Looking into the issue #14 of the GitHub repository indicated that this is a known issue regarding the version drift between the kubectl client and the Kubernetes server.


That guided me to the container registry of Kured looking for the latest image version to test it again. Image master-b27aaa1 contains kubectl version 1.9.6 and with that the reboot issue was solved.


Now, with version 1.9.6 of kubectl in the image Kured is working as expected.

time="2018-04-24T13:56:29Z" level=info msg="Kubernetes Reboot Daemon: master-b27aaa1"
time="2018-04-24T13:56:29Z" level=info msg="Node ID: k8s-agentpool-35404701-1"
time="2018-04-24T13:56:29Z" level=info msg="Lock Annotation: default/"
time="2018-04-24T13:56:29Z" level=info msg="Reboot Sentinel: /var/run/reboot-required every 1h0m0s"
time="2018-04-24T13:56:31Z" level=info msg="Holding lock"
time="2018-04-24T13:56:31Z" level=info msg="Uncordoning node k8s-agentpool-35404701-1"
time="2018-04-24T13:56:36Z" level=info msg="node \"k8s-agentpool-35404701-1\" uncordoned" cmd=/usr/bin/kubectl std=out
time="2018-04-24T13:56:36Z" level=info msg="Releasing lock"

Kured ensures that only one agent node at a given time will be rebooted to maintain performance and availability of the Kubernetes cluster and its running applications.

time="2018-04-24T12:29:42Z" level=info msg="Kubernetes Reboot Daemon: master-b27aaa1"
time="2018-04-24T12:29:42Z" level=info msg="Node ID: k8s-agentpool-35404701-2"
time="2018-04-24T12:29:42Z" level=info msg="Lock Annotation: default/"
time="2018-04-24T12:29:42Z" level=info msg="Reboot Sentinel: /var/run/reboot-required every 1h0m0s"
time="2018-04-24T13:55:33Z" level=info msg="Reboot required"
time="2018-04-24T13:55:33Z" level=warning msg="Lock already held: k8s-agentpool-35404701-1"

For the sake of completeness, you will see the following log output, when no reboot is required.

time="2018-04-24T12:29:41Z" level=info msg="Kubernetes Reboot Daemon: master-b27aaa1"
time="2018-04-24T12:29:41Z" level=info msg="Node ID: k8s-agentpool-35404701-0"
time="2018-04-24T12:29:41Z" level=info msg="Lock Annotation: default/"
time="2018-04-24T12:29:41Z" level=info msg="Reboot Sentinel: /var/run/reboot-required every 1h0m0s"
time="2018-04-24T13:57:22Z" level=info msg="Reboot not required"

Have a look at the following modified kured-ds.yaml file in my GitHub repository, if you want to use the latest image version of Kured and do not want to modify the default kured-ds.yaml by yourself.


The only thing I have done was the image version modification.

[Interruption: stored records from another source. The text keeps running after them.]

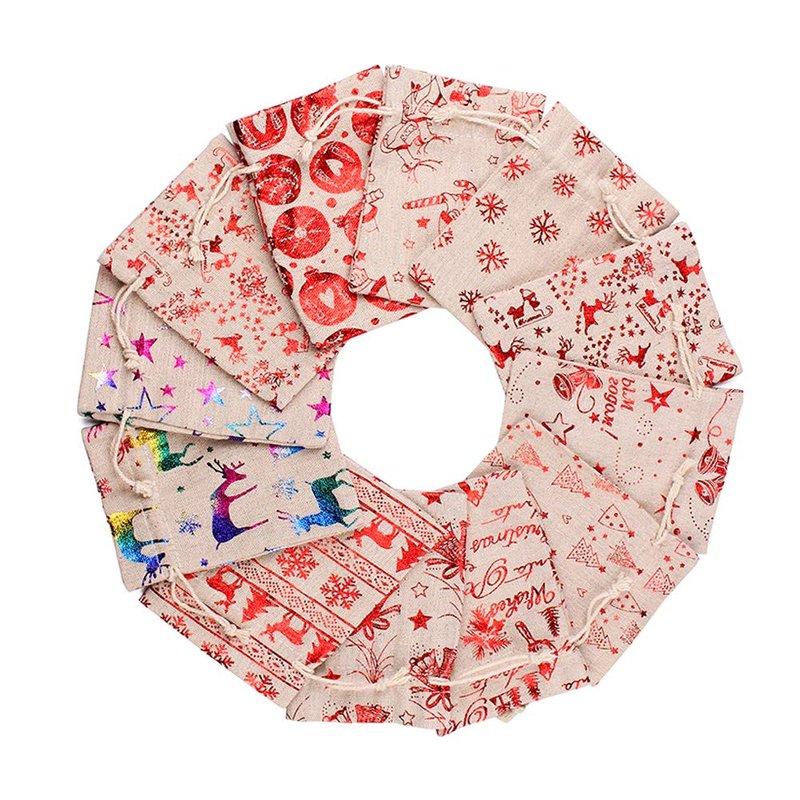 Set of 24 Christmas Burlap Gift Pouches with Drawstring,Jewelry Candy Bag Little Gifts Bags for Wedding Birthday Party Favors DIY Craft,5x7 Inch and 4x5 Inch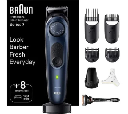 TieDex UK BRAUN Pro Beard Trimmer 7 BT7421 Wet & Dry Beard Trimmer – Black & Blue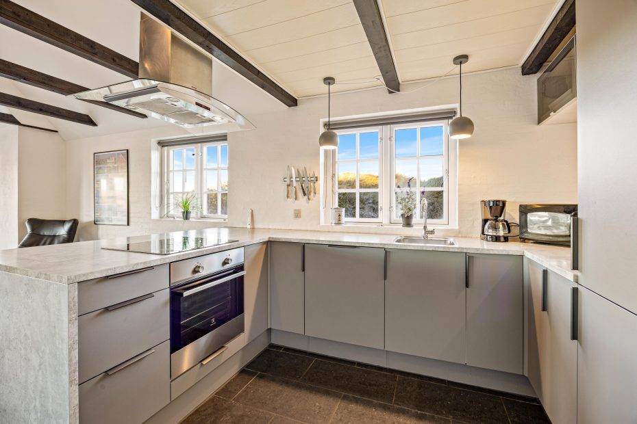 Køkkenafdelingen, som ligger i åben forbindelse med stuen-opholdsrummet, er veludstyret og praktisk indrettet med bl.a. induktionskomfur, mikroovn og opvaskemaskine.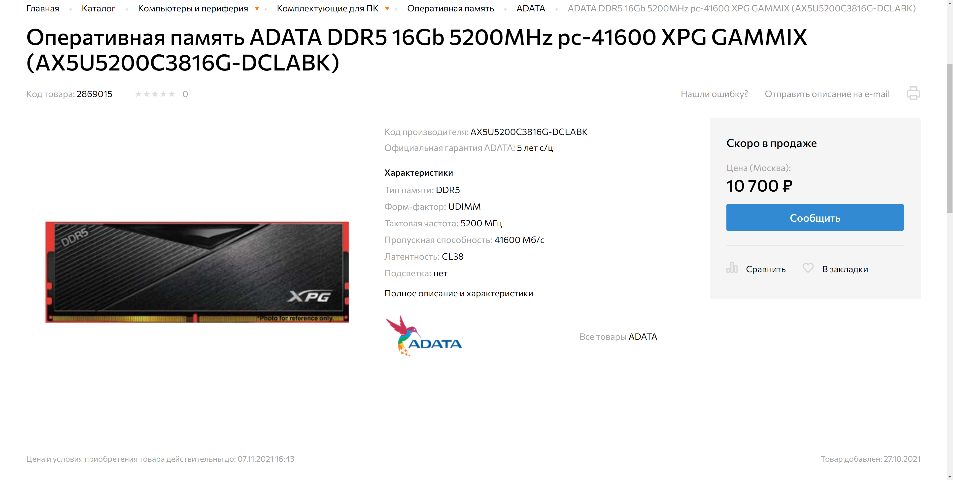 -SCS-Kaplan Опубликовано: 7 ноября 2021 Автор Опубликовано: 7 ноября 2021 АВР-158 ,вы невнимательно читали, но ничего страшного в этом нет, вы нашлито,что вам нужно. Памяти ДДР5,которая мне нужна-быстрая(а не этот "пони" на 5200) и объемная пока не представлена на российском рынке,да и на западном тоже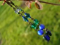 Módní dlouhé ketlované náušničky ze skl. korálků v odstínech modré (nivea), a lahvově zelené barvě. Bižuterní kov staromosaz.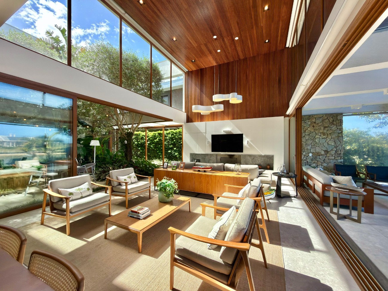 Sobrado de alto padrão com 460 m² de área construída em lote de 560 m², localizado em condomínio fechado com marina e acesso direto à lagoa. O imóvel possui 05 suítes, sendo 01 suíte master com closet e banheira de hidromassagem, além de lavabo e dependência de empregada. Conta com living amplo com ambientes de estar e jantar integrados, pé-direito duplo que valoriza a iluminação natural e um jardim de inverno integrado à casa, trazendo charme e sofisticação aos ambientes. A residência está mobiliada, decorada e climatizada, com arquitetura moderna e atemporal e revestimentos em pedra natural, agregando elegância e durabilidade ao projeto. Na área externa, possui ampla área de lazer com piscina de concreto de frente para a marina, além de banheiro externo de apoio à piscina, proporcionando conforto e privacidade para momentos de lazer. O imóvel ainda conta com vaga para 02 carros. O condomínio oferece infraestrutura completa de lazer e segurança, além de 02 marinas particulares e acesso direto à lagoa, ideal para quem busca qualidade de vida, contato com a natureza e exclusividade no litoral.

ACS Engine Kubernetes cluster with RBAC:

Kubernetes clusters with RBAC requiring some more modifications of the YAML file. You must add a ServiceAccount and ClusterRoleBinding section as well the serviceAccountName specification in the DaemonSet section. As the ClusterRoleBinding I am using the default role cluster-admin to get the automated reboot via Kured to work. I currently had not the time to create a custom role binding having only the least privileges that are required to do the work. You can find the kured-ds-rbac.yaml file in my GitHub repository.